Diagnostic Comparison of PCR, Chromogenic Agar and Culture for Vancomycin-Resistant Enterococci in Intensive Care Units

Abstract

Objective: This study aimed to compare the diagnostic performance and cost-effectiveness of classical culture, chromogenic agar, and the Smart-Cycle I-CORE real-time polymerase chain reaction (PCR) method for detecting vancomycin-resistant enterococci (VRE) in intensive care unit (ICU) patient and environmental samples.

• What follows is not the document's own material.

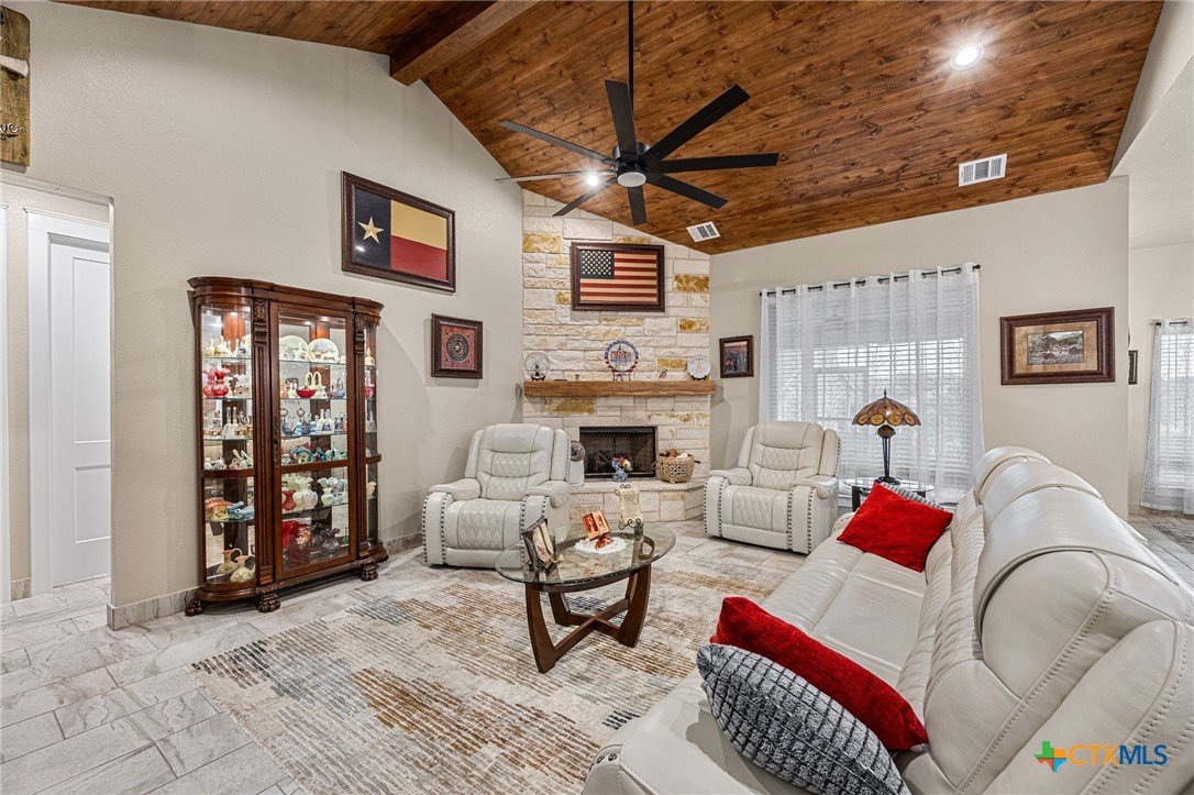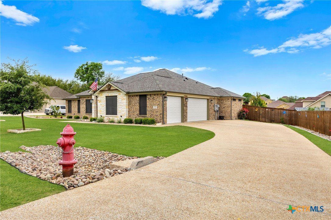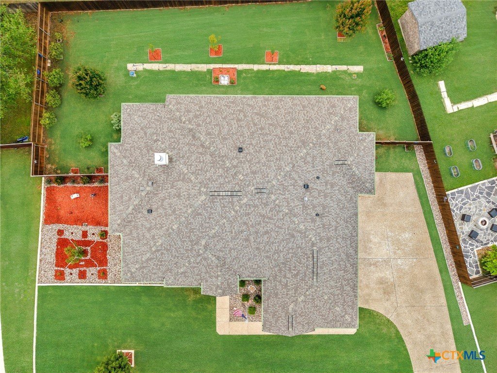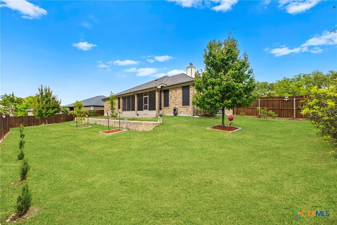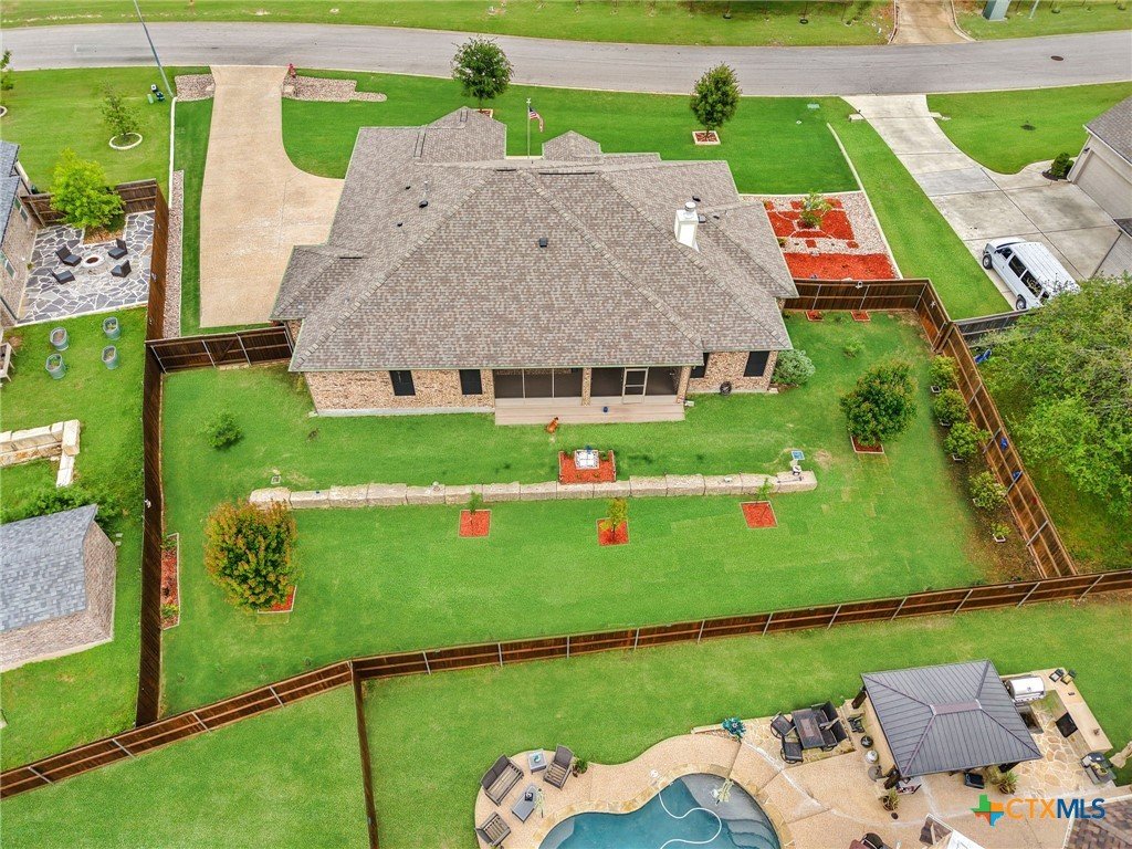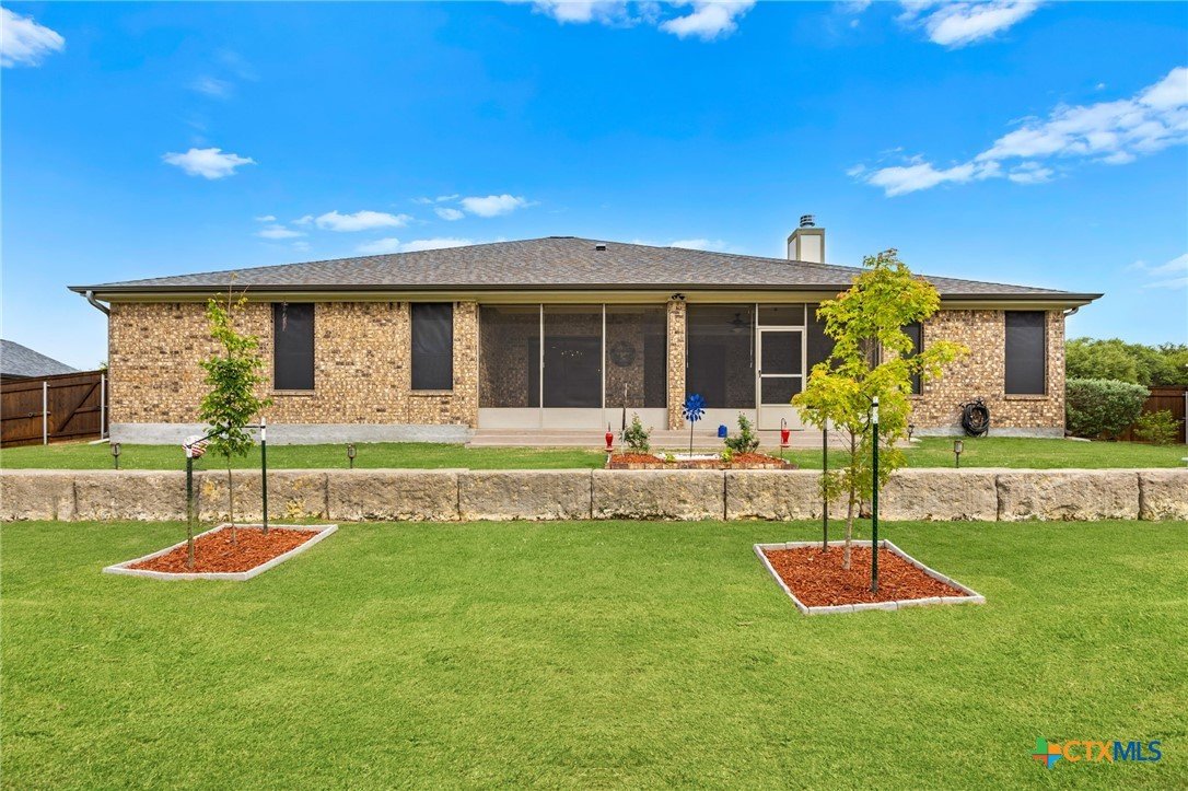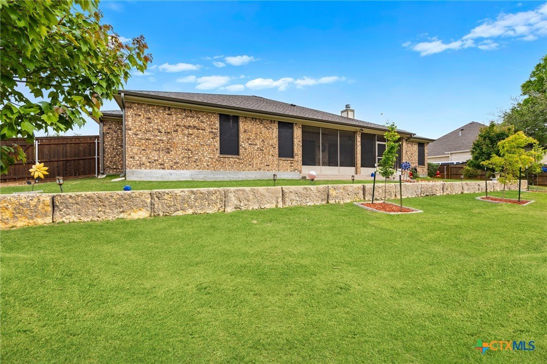 This stunning Ben Atkinson built single owner home in the highly sought after Bella Charca subdivision sits on a generous .39 acre lot and offers nearly 2,700 square feet of beautifully designed single story living. From the moment you walk in, you’re greeted by a spacious foyer with a private office to the left and a formal dining room to the right. The main living area opens into a beautiful living room featuring a corner gas fireplace and a vaulted ceiling with rich woodwork that adds warmth and character. The kitchen offers custom multi level wood cabinetry, a large island, gas cooktop, separate oven and microwave, brand new refrigerator, and a bright breakfast area perfect for everyday living or entertaining. The primary suite is tucked away and oversized at 24 x 18.7 with a sitting area, and the en suite bath features a soaker tub, double vanities, a massive walk around shower with dual entrances and a built in seat, and a spacious walk in closet. On this side you’ll also find a guest bathroom and a laundry room with a sink, folding space, and cabinetry. On the opposite side are three additional bedrooms with ceiling fans and large closets, along with a full bathroom featuring double vanities and a tiled shower. The only carpet in the home is in two bedrooms and all closets. Step outside into a 27 x 16 screened porch overlooking a beautifully landscaped yard with 2 live oaks in the front and 3 maple trees, 2 frontier elms, and 2 purple flowering trees in the backyard, creating a peaceful and private setting. Additional upgrades include a KitchenAid dishwasher, solar screens, a wood front door with speakeasy detail, full gutters, and a Generac 24KW whole home generator. The oversized side entry three car garage measures 24.2 x 32.7 and offers plenty of space for vehicles, storage, or a workshop. This home offers space, upgrades, and character in one of the area’s most desirable communities.

Methods: In a prospective surveillance design conducted in adult medical, surgical, and general ICUs, perianal/rectal swab samples from patients hospitalized ≥48 hours and high-touch environmental surface samples were obtained. Each specimen was tested in parallel using classical culture, chromogenic agar, and real-time PCR targeting vanA/vanB. Sensitivity, specificity, positive and negative predictive values (PPV/NPV), turnaround time, and per-test costs were calculated.

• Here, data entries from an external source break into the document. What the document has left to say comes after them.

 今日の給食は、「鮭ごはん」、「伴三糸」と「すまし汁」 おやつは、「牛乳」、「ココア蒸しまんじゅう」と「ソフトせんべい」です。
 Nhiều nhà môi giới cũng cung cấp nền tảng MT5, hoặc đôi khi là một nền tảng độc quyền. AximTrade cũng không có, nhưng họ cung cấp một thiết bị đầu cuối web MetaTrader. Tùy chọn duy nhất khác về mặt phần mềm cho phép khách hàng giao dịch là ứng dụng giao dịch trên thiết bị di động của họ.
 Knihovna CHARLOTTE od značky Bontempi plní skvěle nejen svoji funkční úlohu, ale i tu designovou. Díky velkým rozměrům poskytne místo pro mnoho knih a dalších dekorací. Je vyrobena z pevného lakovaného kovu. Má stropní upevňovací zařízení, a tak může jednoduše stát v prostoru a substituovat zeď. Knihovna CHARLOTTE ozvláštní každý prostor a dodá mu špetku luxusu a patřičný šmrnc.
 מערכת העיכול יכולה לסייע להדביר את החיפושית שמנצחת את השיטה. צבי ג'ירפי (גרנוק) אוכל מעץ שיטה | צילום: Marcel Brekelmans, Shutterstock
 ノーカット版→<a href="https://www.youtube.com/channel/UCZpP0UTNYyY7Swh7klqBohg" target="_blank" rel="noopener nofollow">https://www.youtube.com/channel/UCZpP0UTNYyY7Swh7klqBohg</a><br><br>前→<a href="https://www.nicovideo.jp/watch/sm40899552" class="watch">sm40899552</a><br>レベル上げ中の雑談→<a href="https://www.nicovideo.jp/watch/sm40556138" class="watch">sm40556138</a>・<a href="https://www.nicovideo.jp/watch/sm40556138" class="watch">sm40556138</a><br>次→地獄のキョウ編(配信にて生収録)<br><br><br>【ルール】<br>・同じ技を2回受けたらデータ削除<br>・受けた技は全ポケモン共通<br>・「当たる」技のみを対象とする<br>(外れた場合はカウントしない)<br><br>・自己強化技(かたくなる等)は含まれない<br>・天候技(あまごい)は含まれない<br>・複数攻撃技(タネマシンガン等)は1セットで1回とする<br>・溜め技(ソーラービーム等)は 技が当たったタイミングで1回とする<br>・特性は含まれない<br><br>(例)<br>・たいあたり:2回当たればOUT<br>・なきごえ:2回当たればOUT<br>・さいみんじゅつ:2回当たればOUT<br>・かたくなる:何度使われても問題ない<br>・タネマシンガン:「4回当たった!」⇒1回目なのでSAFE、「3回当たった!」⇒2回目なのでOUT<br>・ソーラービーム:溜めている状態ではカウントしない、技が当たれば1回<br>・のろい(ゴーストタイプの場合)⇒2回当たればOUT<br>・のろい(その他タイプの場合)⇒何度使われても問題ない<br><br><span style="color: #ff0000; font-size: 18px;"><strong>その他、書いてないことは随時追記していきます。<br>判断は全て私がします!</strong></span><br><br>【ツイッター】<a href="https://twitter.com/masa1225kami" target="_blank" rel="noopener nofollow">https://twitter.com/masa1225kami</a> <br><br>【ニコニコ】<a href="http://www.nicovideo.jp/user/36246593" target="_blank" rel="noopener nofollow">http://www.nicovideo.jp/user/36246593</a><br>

Results: In patient samples, PCR, chromogenic agar, and culture achieved sensitivity/specificity of 100%/100%, 100%/80%, and 95.2%/86.4%, respectively. In environmental samples, PCR showed 100%/100%, chromogenic agar 100%/92%, and culture 94%/100%, respectively. PCR provided a markedly shorter time-to-result (~4 h), compared with chromogenic agar (~24 h) and classical culture (~48 h). vanA was the predominant genotype (≈82%), followed by vanB (≈18%). Although PCR was the most costly method, its rapid turnaround time contributed to earlier isolation decisions and to a reduction in environmental positivity rates.

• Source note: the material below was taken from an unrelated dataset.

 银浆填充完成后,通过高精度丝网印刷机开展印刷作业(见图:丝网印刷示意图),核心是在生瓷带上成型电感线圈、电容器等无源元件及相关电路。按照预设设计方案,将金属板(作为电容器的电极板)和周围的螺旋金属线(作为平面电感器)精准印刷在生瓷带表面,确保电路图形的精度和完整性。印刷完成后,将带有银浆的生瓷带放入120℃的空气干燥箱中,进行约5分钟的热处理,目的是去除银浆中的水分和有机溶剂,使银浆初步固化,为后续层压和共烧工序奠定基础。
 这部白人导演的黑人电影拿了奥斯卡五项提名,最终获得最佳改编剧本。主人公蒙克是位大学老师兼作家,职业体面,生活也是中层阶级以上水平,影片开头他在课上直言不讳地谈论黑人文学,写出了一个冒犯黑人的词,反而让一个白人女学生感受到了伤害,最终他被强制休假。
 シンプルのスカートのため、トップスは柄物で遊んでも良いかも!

Conclusion: Smart-Cycle I-CORE PCR offers the highest diagnostic accuracy and the fastest reporting among currently available surveillance methods, while chromogenic agar represents a reliable and cost-effective option. A two-step strategy—chromogenic agar for routine screening with PCR confirmation—balances accuracy, speed, and cost in ICU VRE surveillance.